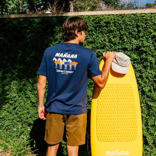 Where the desert meets the swell—introducing the Four Horses Tee. This design captures the spirit of summer in the Lone Star State: four wild horses saddled up with surfboards, ready to ride heat waves and dusty trails alike.
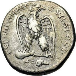 eagle standing on leg and thigh of animal, facing, head, right, spreading wings; in exergue, star and ram's head, right
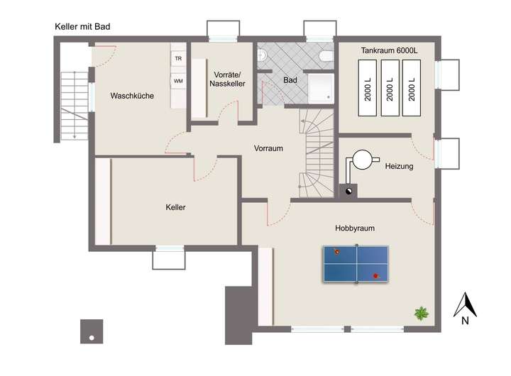Das Haus ist voll unterkellert und überzeugt mit umfangreichen Abstell- und Nutzflächen, ein Bad mit WC und Dusche, die alles im allem vielfältige Nutzungsmöglichkeiten bieten.
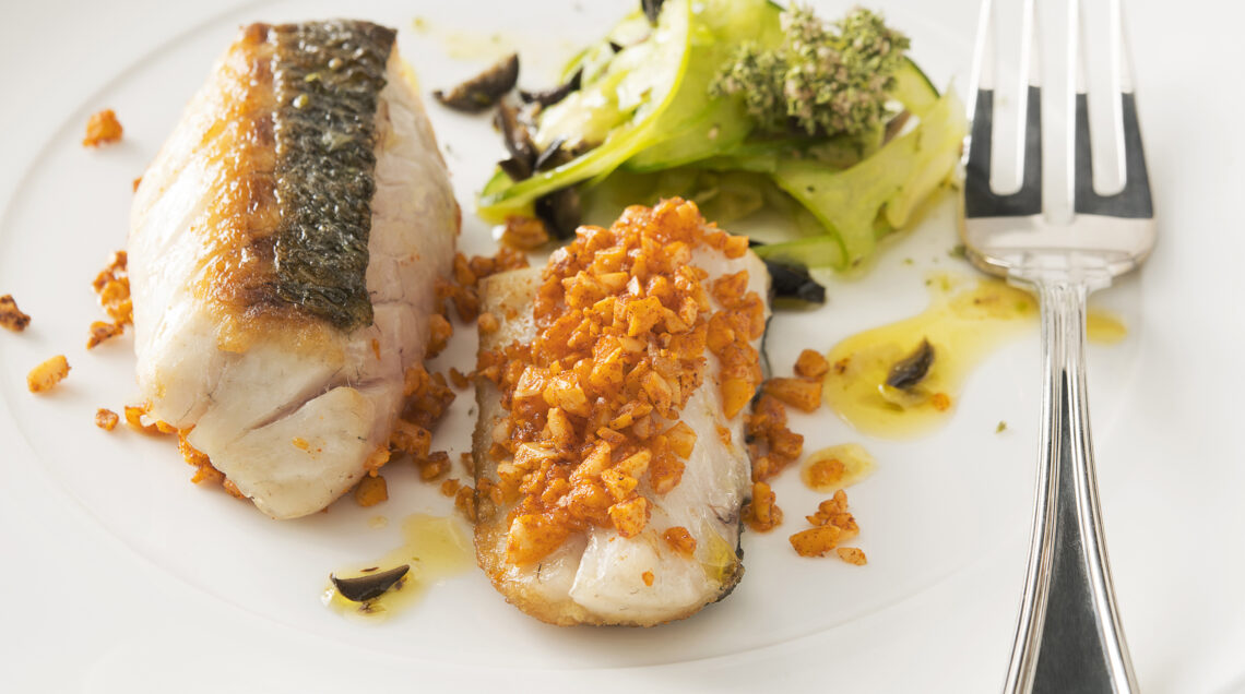 4 A questo punto fate aderire le mandorle ai filetti dalla parte della polpa. Passate la placca in forno a 180° per 5 minuti. Servite i filetti di branzino alle mandorle ben caldi, accompagnati con l'insalata di pomodori verdi.
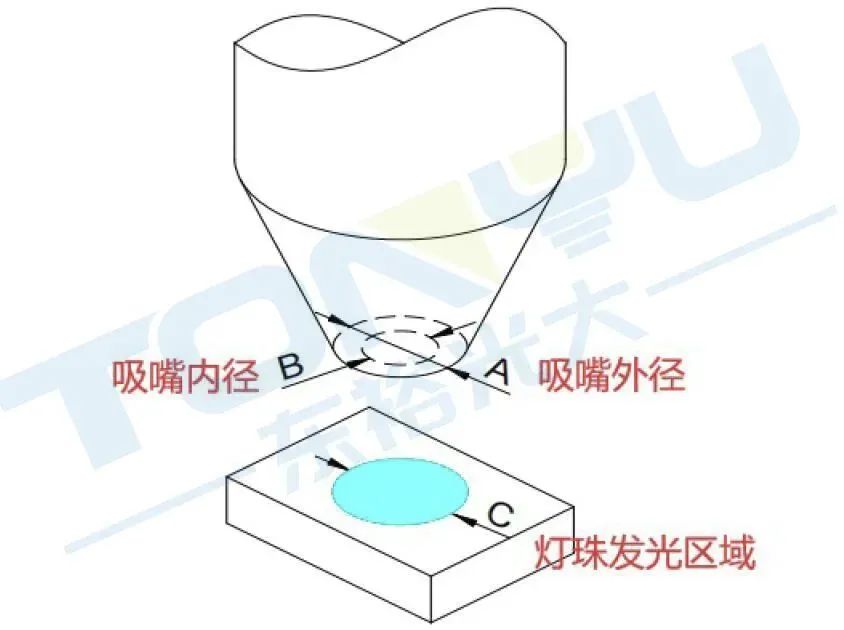 B 吸嘴內徑>C LED敏感區域 / A<燈珠表面
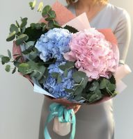 Монобукет из розовой и голубых гортензий с добавлением веточек эвкалипта в красивой упаковке.

+ + + + + + +

__REQUIREMENT__: Pass over the images and copy the rest of the material above exactly.

__OUTPUT OF THE TASK__:
 Where the desert meets the swell—introducing the Four Horses Tee. This design captures the spirit of summer in the Lone Star State: four wild horses saddled up with surfboards, ready to ride heat waves and dusty trails alike.
 eagle standing on leg and thigh of animal, facing, head, right, spreading wings; in exergue, star and ram's head, right
Das Haus ist voll unterkellert und überzeugt mit umfangreichen Abstell- und Nutzflächen, ein Bad mit WC und Dusche, die alles im allem vielfältige Nutzungsmöglichkeiten bieten.
 4 A questo punto fate aderire le mandorle ai filetti dalla parte della polpa. Passate la placca in forno a 180° per 5 minuti. Servite i filetti di branzino alle mandorle ben caldi, accompagnati con l'insalata di pomodori verdi.
 B 吸嘴內徑>C LED敏感區域 / A<燈珠表面
 Монобукет из розовой и голубых гортензий с добавлением веточек эвкалипта в красивой упаковке.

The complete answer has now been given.